Bug 1370598

Summary: multipathd segfault during volume attach
Product: Red Hat OpenStack Reporter: Jack Waterworth <jwaterwo>
Component: openstack-novaAssignee: Lee Yarwood <lyarwood>
Status: CLOSED ERRATA QA Contact: Prasanth Anbalagan <panbalag>
Severity: urgent Docs Contact:
Priority: high    
Version: 7.0 (Kilo)CC: aludwar, awaugama, berrange, bmarzins, dasmith, eglynn, eharney, fdinitto, geguileo, gszasz, jraju, jschluet, jwaterwo, kchamart, lyarwood, panbalag, pgrist, sbauza, sferdjao, sgordon, srevivo, vromanso
Target Milestone: asyncKeywords: ZStream
Target Release: 7.0 (Kilo)   
Hardware: All   
OS: Linux   
Whiteboard:
Fixed In Version: openstack-nova-2015.1.4-18.el7ost Doc Type: If docs needed, set a value
Doc Text:
Story Points: ---
Clone Of: Environment:
Last Closed: 2017-02-15 22:56:32 UTC Type: Bug
Regression: --- Mount Type: ---
Documentation: --- CRM:
Verified Versions: Category: ---
oVirt Team: --- RHEL 7.3 requirements from Atomic Host:
Cloudforms Team: --- Target Upstream Version:
Embargoed:
Bug Depends On: 1367850    
Bug Blocks:    

Description Jack Waterworth 2016-08-26 17:54:10 UTC
Description of problem:
nova fails during volume attach. upon further inspection it appears that multipathd has seg faulted and nova fails when attempting to view multipathing output.

Version-Release number of selected component (if applicable):
openstack-nova-compute-2015.1.4-1.el7ost.noarch

How reproducible:
sometimes

Steps to Reproduce:
1. Attach volume to instance

Actual results:
volume attach fails because multipathd is not running

Expected results:
multipathd should not be in a stopped state due to segfault

Additional info:

I have a bugzilla opened with the device-mapper team for this issue.

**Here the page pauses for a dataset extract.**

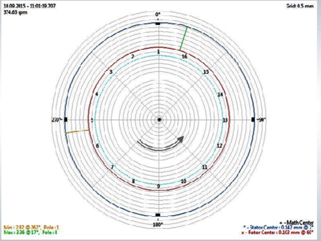 Überwachung des minimalen Luftspalts zwischen Rotor und Stator und Analyse des Polprofils.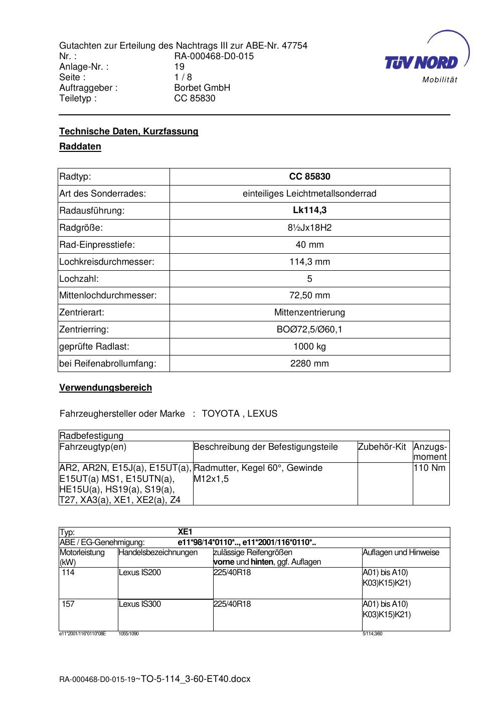 Dieses Gutachten (abe) bezieht sich auf die Alufelge brand-borbet CC 85830 in der Ausführung ET 0, Mittenloch 0 mm (KBA 47754). Im PDF findest du typischerweise zulässige Reifengrößen, Auflagen/Anbauhinweise und – je nach Dokument – Hinweise zur Eintragung.

https://bugzilla.redhat.com/show_bug.cgi?id=1367850

The team has suggested putting in further checks in device-mapper-multipath to avoid the segfault, but states that there is a SAN side shuffling that is causing multipathing to get into this bad state.

I suspect this is either caused by nova not correctly cleaning up paths on attach/detach, or by cinder when devices are created and deleted.

Comment 5 Paul Grist 2016-08-30 15:20:14 UTC
Looking to confirm, but I think the next step here is to get the updates to the 2 customers discussed in: 

https://bugzilla.redhat.com/show_bug.cgi?id=1367850#c13

Comment 6 Ben Marzinski 2016-08-30 17:25:10 UTC
I'm also going to try to trigger some LUN reassignments on my machines to see if I can recreate this, but with and without the latest multipath code.

Comment 8 Jack Waterworth 2016-09-06 19:29:56 UTC
The customer has updated the rpms from the other bz. they havent had the issue occur again, but they are seeing some messages from mpath:

# multipath -ll 36005076802810b39780000000000012f
Sep 02 15:12:40 | 65:80: path wwid appears to have changed. Using old wwid.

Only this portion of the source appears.